The Albedo Logo was born from a graph of Makiko Sato, Earth Institute professor at Columbia University.
Makiko Sato collaborates with James Hansen, Climate Science, Awareness and Solutions Program Director at Columbia University, and former director of NASA’s Goddard Institute for space studies.
For more graph and articles by Makiko Sato and James Hansen:
http://www.columbia.edu/~mhs119/
This graph represents the Earth-Ocean’s global monthly average temperature.
Each column represents one year. Each square is therefore a month. The upper left square represents January 1921. Lower-right hand square represents December 2010.
Each rectangle represents 30 years, from 1921 to 1950, 1951 to 1980 then 1981 to 2010.
The reference period is 1951 to 1980. Average January temperature is defined calculating all temperatures of January at this period.
Colors show the difference in temperature compared to the average temperature of the reference period. Therefore, June 1929 was from -0,5°C to -0,3°C colder than the June average temperatures between 1951 and 1980.
November 2010 was between +0,7°C and +0,89°C warmer.
We can then evidently see the sketch of the impact of anthropic global warming.
Natural Factors :
V : Volcanic Eruptions
The emission of ashes and sulfur dioxide form, in high altitude, a layer of aerosols inducing a radiative forcing.

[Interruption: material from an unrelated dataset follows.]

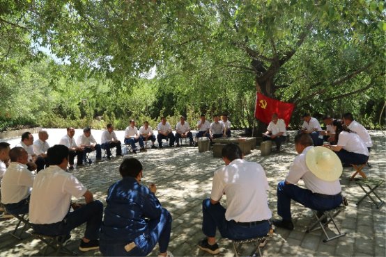 活動(dòng)中,一行人先后來(lái)到陜甘邊區軍委、蘇維埃政府舊址,參觀(guān)舊址窯洞陳列,來(lái)到革命先輩們工作、生活的場(chǎng)景中進(jìn)行體驗、感受。黨員同志們或駐足發(fā)問(wèn)或相互討論,氣氛相當熱烈。在蘇維埃政府舊址院內,全體黨員面對黨旗,重溫入黨誓詞。在體驗式教育參觀(guān)結束后,與會(huì )黨員圍坐在蘇維埃政府舊址院內的大樹(shù)下,黨員方勇同志向大家分享了爺爺方世祿老紅軍的南梁故事,劉汀同志講述革命先驅劉志丹的英勇故事,激發(fā)了大家對那段崢嶸歲月里革命者的無(wú)限崇敬。接著(zhù),黨員楊虎誠誦讀了《習近平七年知青歲月》部分章節,積極分子董旭軍誦讀了《鄧穎超自述》部分章節。最后,大家合唱起改編自華池民歌《推炒面》的《軍民大生產(chǎn)》,唱起了讓無(wú)數人淚目的《我和我的祖國》,在嘹亮的歌聲中此次活動(dòng)圓滿(mǎn)結束。
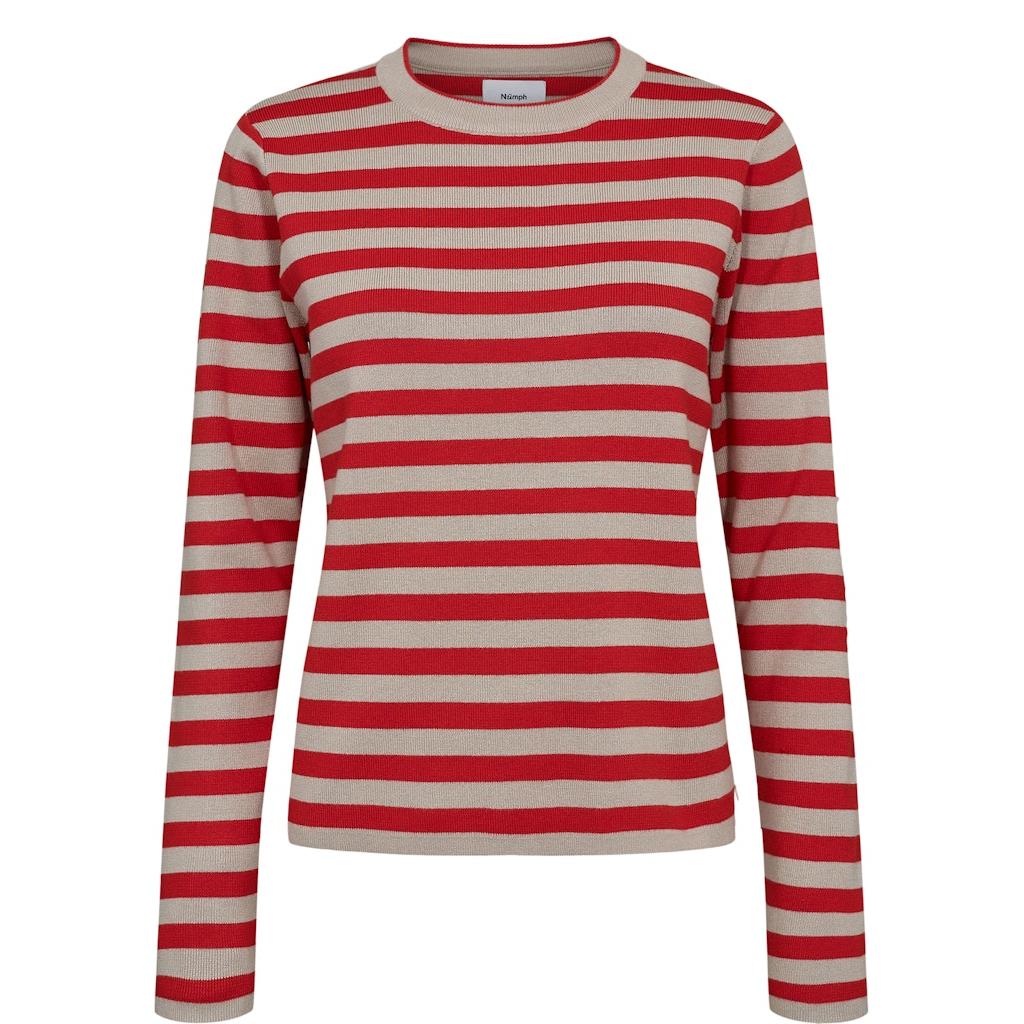 Nustripy Pullover fra Nümph er en strik i røde og lyse striber, der giver et friskt og energisk udtryk. Den er perfekt til at tilføje farve til garderoben og kan nemt styles til både hverdag og weekend.

Particles reflect the sunlight and we can observe a global cooling of the atmosphere.
m and M : Solar Cycle Minimal and Maximal Phases.
The Schwabe solar cycle (8 to 13 years, average : 11 years) is the most famous of four variations of solar activity. It leads to a variation of a sun emitted energy flux of 0,1%.
E and L : El Niño and La Niña
According to the World Meteorological Organization, El Niño is a cyclic phenomenon, characterized by a positive anomaly of the sea surface temperature. In the Pacific Ocean, off the coast of Peru, water warms up by a few degrees.
This concentration of heat and humidity affect the climate of the entire planet.
La Niña brings a negative anomaly of the ocean’s temperature. The effect is opposite and stretched areas on earth are cooler than usual.